Deschanel’s persona is a horse of a different colour. The apocryphal anecdote of Emily returning from auditioning to fume to her kid sister that they were looking for ‘a Zooey Deschanel type’ emphasises how quickly her deadpan quirkiness, showcased to perfection as the cool older sister in Almost Famous, became a persona. The point of a persona of course is that it’s a heightened construct. Jolie has trouble finding a cinematic home for her tabloid-created persona whereas Zooey’s persona, being in the classic Wayne mould, is infinitely more useful. She’s been able to use it both in supporting roles as the idiosyncratic best friend in Failure to Launch, The Good Girl, and Showtime’s Weeds, and as the dead-pan romantic heroine in Elf, Yes Man and The Hitchhiker’s Guide to the Galaxy. Hitchhiker’s in particular saw her breathe some badly needed life and depth into the character of Trillian. The adorable Zooey from Almost Famous and Elf was reinforced with some emotional weight to become the definitive Trillian. In doing so much with a historically underwritten role she proved that she had considerable dramatic ability behind the persona. Indeed the delightful absurdist black comedy Eulogy boasts an enviable ensemble but it’s hard to think that its whimsical madness could be held together by anyone else but her.

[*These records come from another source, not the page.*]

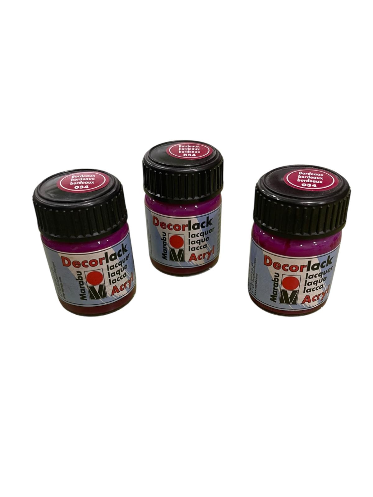 Stock 3 pz Marabu DecorLack Lacca Lucida Bordeaux 15ml
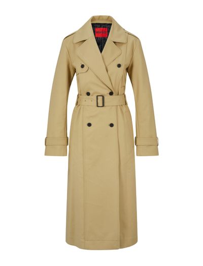 trenchcoat / regular fit / long length / belted cuffs / double breasted / fabric belt with buckle / piping detail / responsible
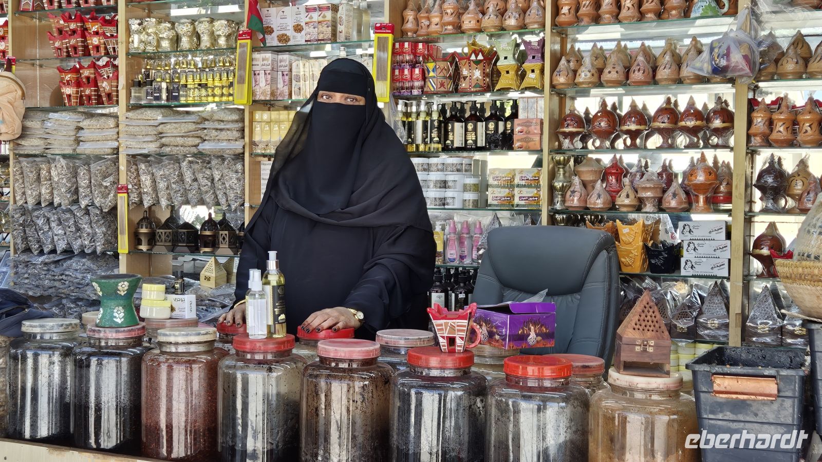 Unsere Fahrt führt uns weiter zum Stadtteil Muttrah. Nach der Passage des Stadttores öffnet sich nach und nach der Blick in diese wunderschöne Bucht. Wir spazieren entlang der alten Handelshäuser und probieren in einem Geschäft omanischen Kaffee mit Kardamom, dazu gibt es verschiedene Kostproben von Süßigkeiten (Halwa). Dann bummeln wird durch den überdachten Souk. Überall duftet es nach Weihrauch. An einem Stand verschaffen wir uns schon einmal einen Überblick rund um den Weihrauch, sparen uns aber den Einkauf für später in Salalah auf. Nun bleibt noch genügend Zeit für individuelle Erkundungen im Souk, für einen Mittagsimbiss oder einen Spaziergang entlang der schönen Corniche von Muttrah.
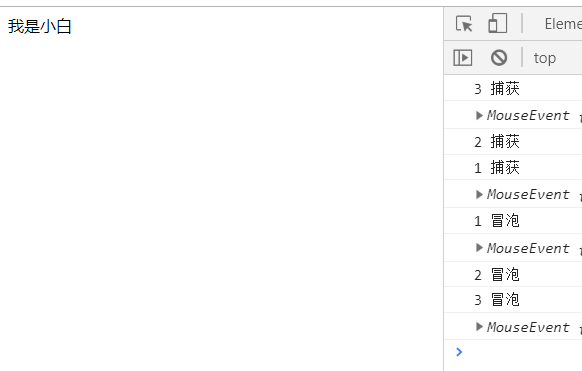 冒泡和捕获并不是一个公司提出的。 冒泡是由微软提出的,顾名思义呢,就像水里的水泡,从水底冒到水面。代码的事件冒泡类似,从触发事件的元素,开始向上传播,该元素的子元素的祖先带的同种事件都被会被触发。以下是个极其简单的例子。
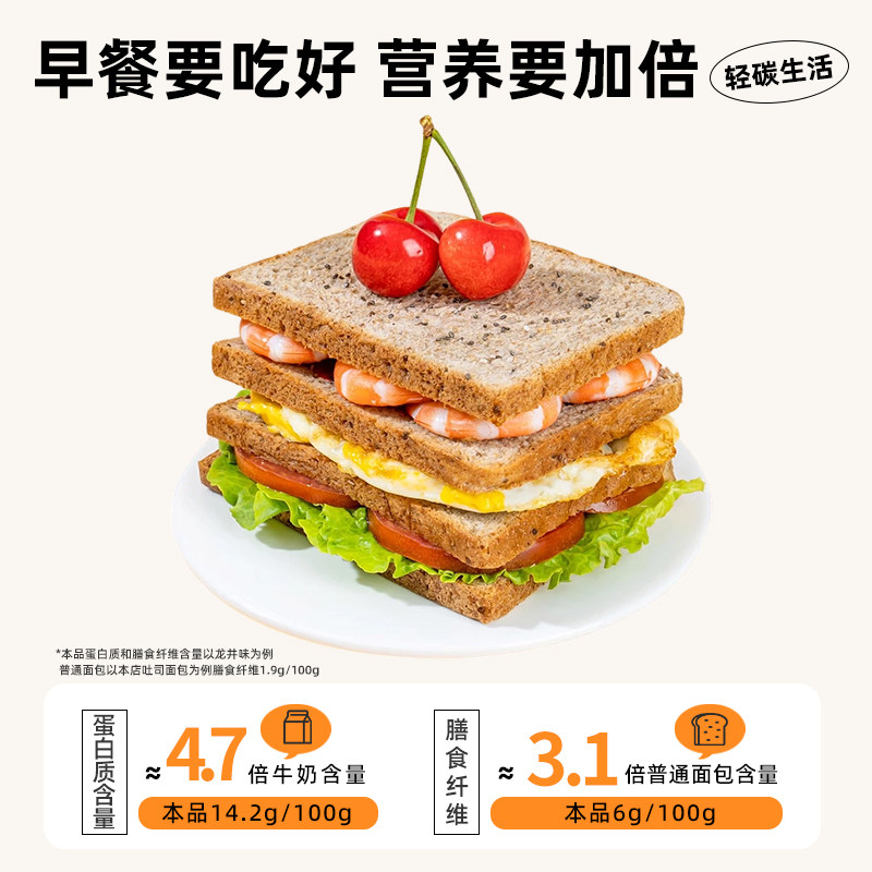 山海有约全麦吐司面包早餐多口味代餐粗粮轻食饱腹零食低脂吐司片

Conversely with The Happening it is hard not to think any other actress would have been better, as M Night Shymalan in his current state of disrepair obviously had no earthly notion how to use either her persona or her deeper skills. That is obviously the low-light of her career but by simultaneously branching into a music career, retiring her old L.A. based cabaret duo in order to form the far higher-profile country-pop duo She & Him, the perception that she had become trapped by her persona was bound to gain currency. Perhaps this was the motive behind her turn in (500) Days of Summer. This was extremely courageous as a career move because it deconstructed her persona as the uncommunicative but adorably quirky girl by showing just how capricious and cruel that free-spirit shtick could become in real life. She was luminous when she needed to be but Deschanel also didn’t hold back on cruelty, and, while the combination of charm and emotional realism divided people hilariously when it came to judging Summer, this made her performance a career highlight. Sadly Gigantic and her guest appearance in Bones seem to indicate she’s being offered, indeed being custom-written, only roles that require her to dial in her persona. She & Him seem to be slowly gaining some level of popularity, but whether their particular brand of pop reinforces her quirky persona is debatable. In any case her ‘escape’ from her persona handsomely beats Jolie’s.

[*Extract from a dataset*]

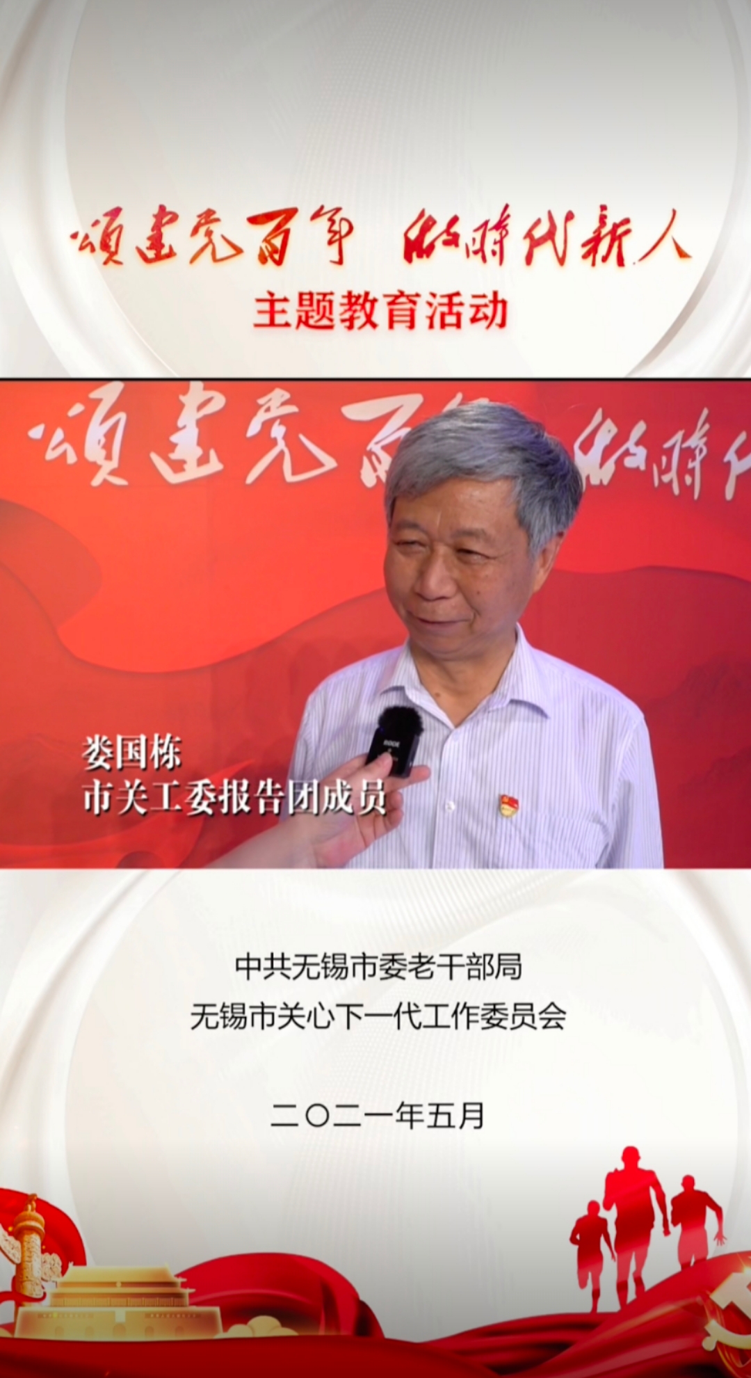 一百年雄关漫道、九万里风鹏正举。赓续精神血脉,筑牢理想信念,传承红色基因,争做时代新人。本次访谈由四位无锡市关工委报告团成员担任主讲嘉宾,他们分别是:原无锡庆丰集团漂染公司纪委书记蒋川海,原总参56研究所政委兼党委书记张发海,原无锡市侨谊实验中学书记、校长钱昭平,原黄瓜视频

Personae can be problematic because of the fine line between typecasting and playing to your strengths. Being offered similar roles is a vote of confidence that you will do a good job with this material, but after a while it also trades on the perception audiences will have of you from previous performances, the persona you may have created. Type-casting has its own reward, being able to play against type; Fred MacMurray in The Apartment, Robin Williams in Insomnia. But its danger is that, like Eugene O’Neill Senior as The Count of Monte Cristo, not only can audiences only accept you in one type of role, but your range contracts so that you can only actually play one role. Zooey Deschanel’s persona is her own creation, not that of the tabloids. Her quirky persona may cause difficulties of reception on live music shows, but it is her screen profile and not their meagre sales that gets She & Him onto those shows in the first place. Indeed, as their elegant summery pop reflects in her song-writing the creative energies that created her persona originally, in a way, the persona will remain an ever-present even if She & Him get the popular success they deserve to the extent that Deschanel gives up acting.

Paul recommends She & Him. Seconded.